Anonymous wrote:Anonymous wrote:Anonymous wrote:Let me add, I write the above sadly. The call this week left me very discouraged.
I want to be excited about the new school. I want it to be a success. I want my now-Hardy DC to attend with enthusiasm.
I want DCPS to tell us all something that will assure us that the school will get off to an smashing start and that will give the first couple of years of students good reasons to choose it.
But that was not what the DCPS liaisons accomplished in the call.
One more detail of the f’ed-up planning: You know why the first two years of students were given the option of choosing JR? For “historical consistency” because that is what happened in the last boundary review. No better reason than that.
So, unless DCPS alters the balance of pros and cons, current Hardy 7th and 8th graders will choose JR, and Macarthur will start filled with all OOB students from far afield. Which will do nothing to ease crowding at JR.
There's nothing they can say to guarantee this! It's going to be full of on-grade-level students and programmed accordingly and will be very good for students who attend. I agree that there should be no choice option though, unless maybe a sibling is a JR.
Yes, there is! They can guarantee that continuity of courses is offered, even if it means unusually small classes! So if a post-Hardy kid wants to take AP Italian or Algebra II or whatever, even if only a few students at the partially-filled school are ready for it, they should commit to making that available.
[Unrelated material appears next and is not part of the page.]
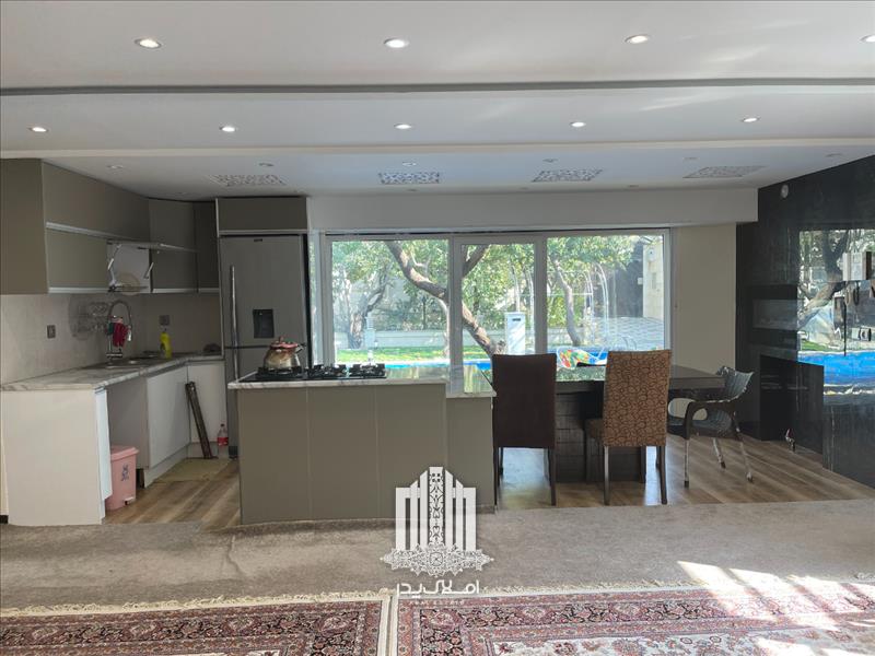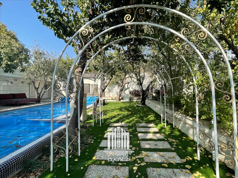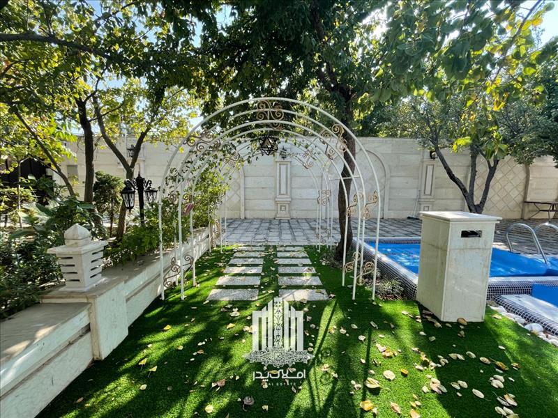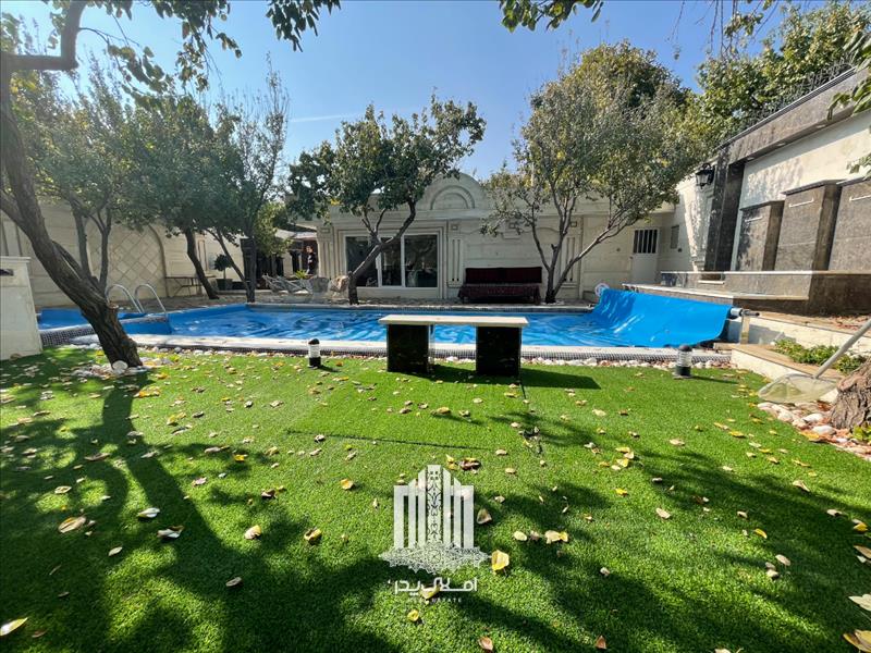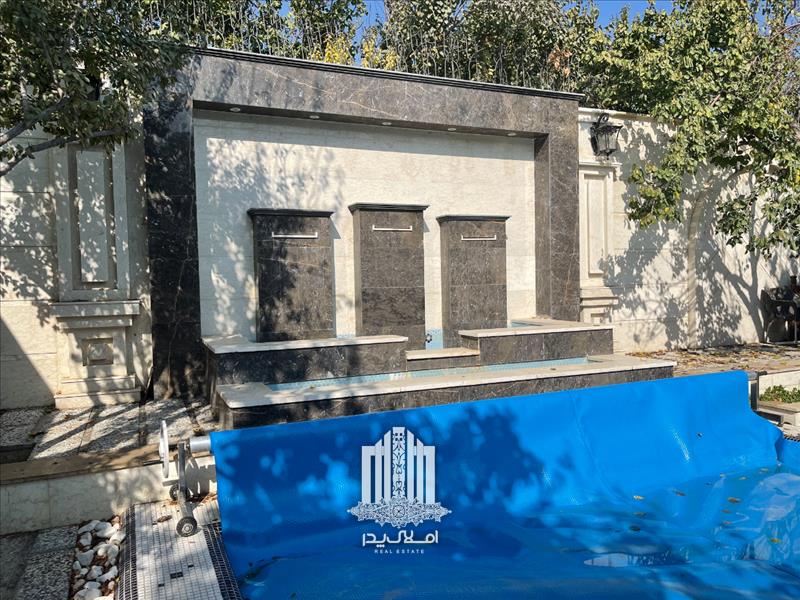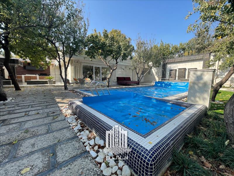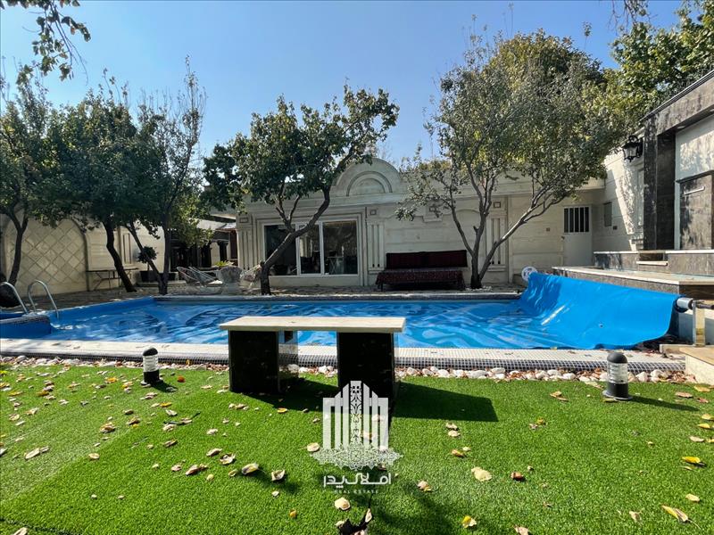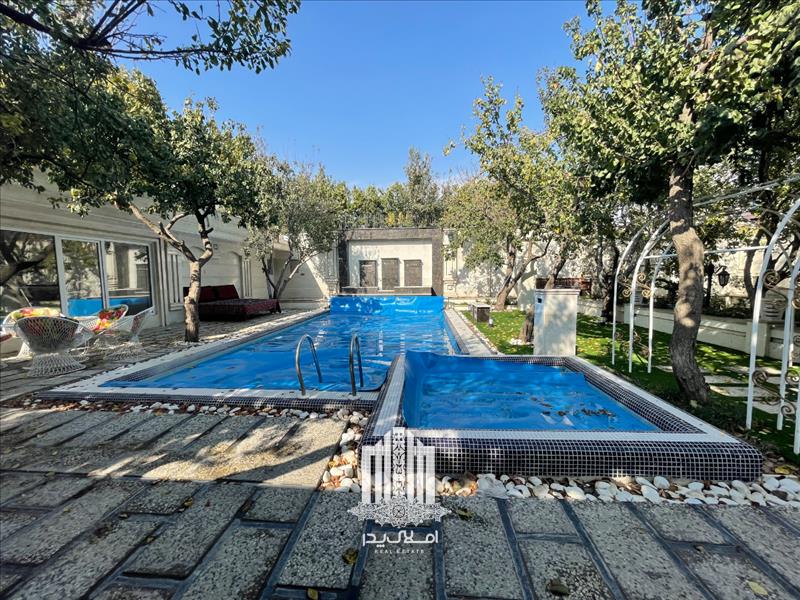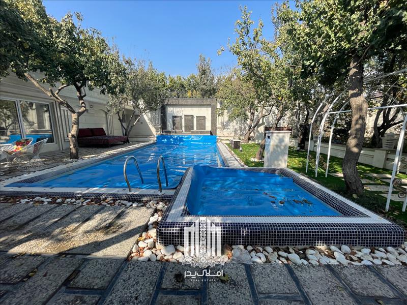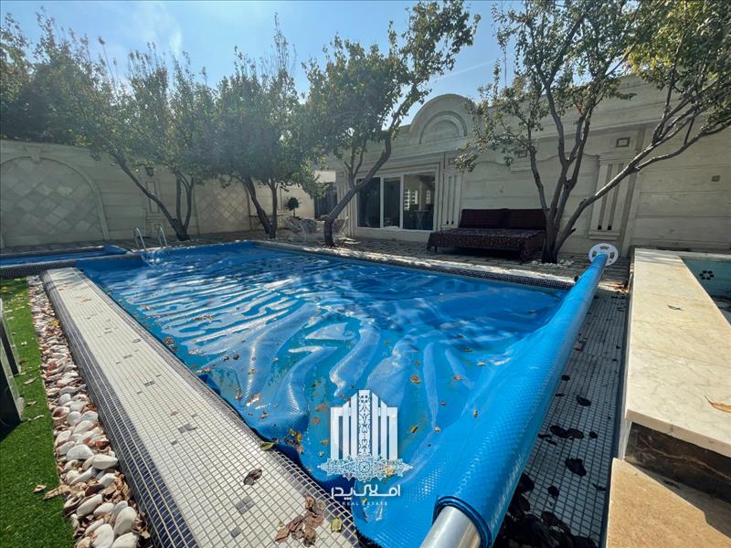 * استخر رو باز چهار فصل مجهز به تصفیه خانه و گرمکن در محوطه باغ ویلا

High school is more complicated than ES or MS. If the kids showing up early on only have a very limited number of course options, virtually no sports, and no clubs, no reputation with colleges, then they are foregoing a lot of a standard high school experience.
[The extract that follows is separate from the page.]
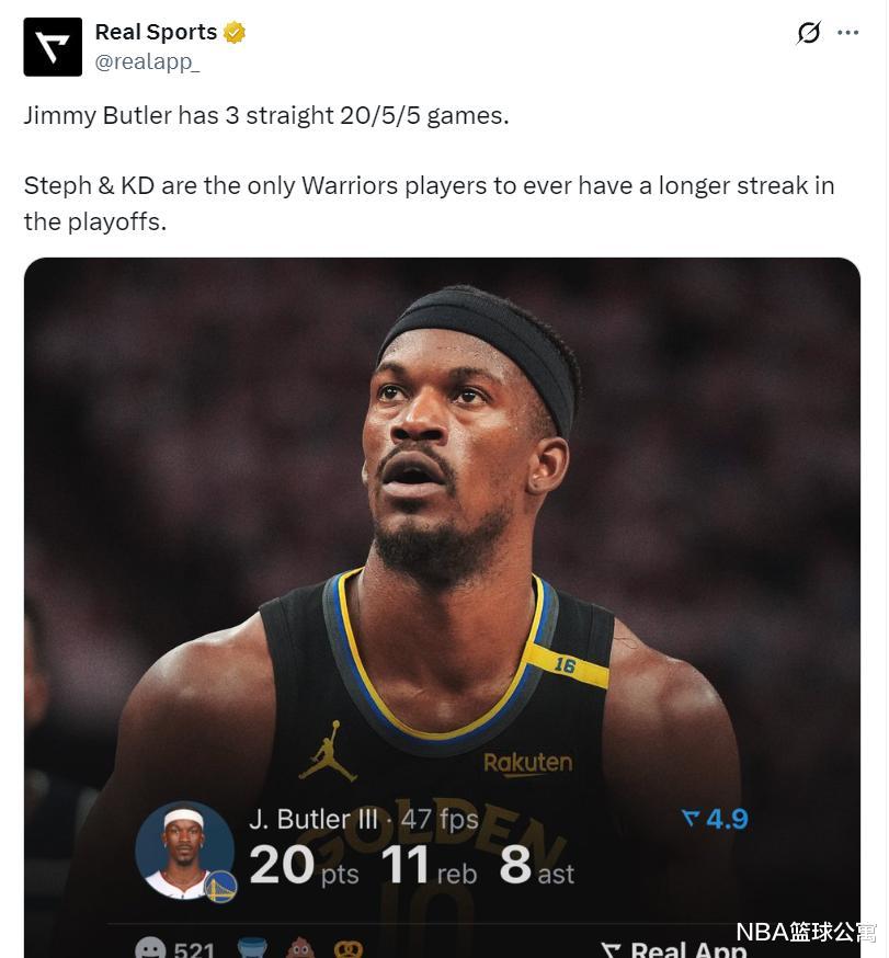同时,巴特勒还创下了纪录。数据显示:巴特勒过去3场季后赛均砍下至少20分5板5助攻,勇士队史第3长纪录,仅库里和杜兰特有过更长的纪录。

Anonymous wrote:Anonymous wrote:Let me add, I write the above sadly. The call this week left me very discouraged.
I want to be excited about the new school. I want it to be a success. I want my now-Hardy DC to attend with enthusiasm.
I want DCPS to tell us all something that will assure us that the school will get off to an smashing start and that will give the first couple of years of students good reasons to choose it.
But that was not what the DCPS liaisons accomplished in the call.
One more detail of the f’ed-up planning: You know why the first two years of students were given the option of choosing JR? For “historical consistency” because that is what happened in the last boundary review. No better reason than that.
So, unless DCPS alters the balance of pros and cons, current Hardy 7th and 8th graders will choose JR, and Macarthur will start filled with all OOB students from far afield. Which will do nothing to ease crowding at JR.
There's nothing they can say to guarantee this! It's going to be full of on-grade-level students and programmed accordingly and will be very good for students who attend. I agree that there should be no choice option though, unless maybe a sibling is a JR.
Anonymous wrote:Anonymous wrote:I wish they would also give non-Hardy kids with rights to J-R priority for MacArthur. The PP is obviously upset and disappointed, but from her report it sounds like MacArthur will offer everything my current middle school student wants or needs. And when it opens, MacArthur will be an order of magnitude smaller than J-R. You want a “good reason to choose” MacArthur? That’s my reason.
+1 I would love to have the option of a new, non-crowded version of JR
Anonymous wrote:Let me add, I write the above sadly. The call this week left me very discouraged.
I want to be excited about the new school. I want it to be a success. I want my now-Hardy DC to attend with enthusiasm.
I want DCPS to tell us all something that will assure us that the school will get off to an smashing start and that will give the first couple of years of students good reasons to choose it.
But that was not what the DCPS liaisons accomplished in the call.
One more detail of the f’ed-up planning: You know why the first two years of students were given the option of choosing JR? For “historical consistency” because that is what happened in the last boundary review. No better reason than that.
So, unless DCPS alters the balance of pros and cons, current Hardy 7th and 8th graders will choose JR, and Macarthur will start filled with all OOB students from far afield. Which will do nothing to ease crowding at JR.
Anonymous wrote:I wish they would also give non-Hardy kids with rights to J-R priority for MacArthur. The PP is obviously upset and disappointed, but from her report it sounds like MacArthur will offer everything my current middle school student wants or needs. And when it opens, MacArthur will be an order of magnitude smaller than J-R. You want a “good reason to choose” MacArthur? That’s my reason.
Anonymous wrote:^^ I meant 40 kids in each class, not 40.
Anonymous wrote:I missed the last meeting a few days ago but quickly glanced through the slides. Quite a few were about IB programs. Is that what’s being considered for the school? I didn’t see other options mentioned.
Anonymous wrote:Anonymous wrote:Sigh. It’s called Jackson-Reed, not Wilson.
It's been renamed JR, its still called Wilson
Anonymous wrote:Anonymous wrote:Sigh. It’s called Jackson-Reed, not Wilson.
Relax man! Are you always this uptight?
Name changes are hard.
Anonymous wrote:please go to the new school Us JR parents need the space.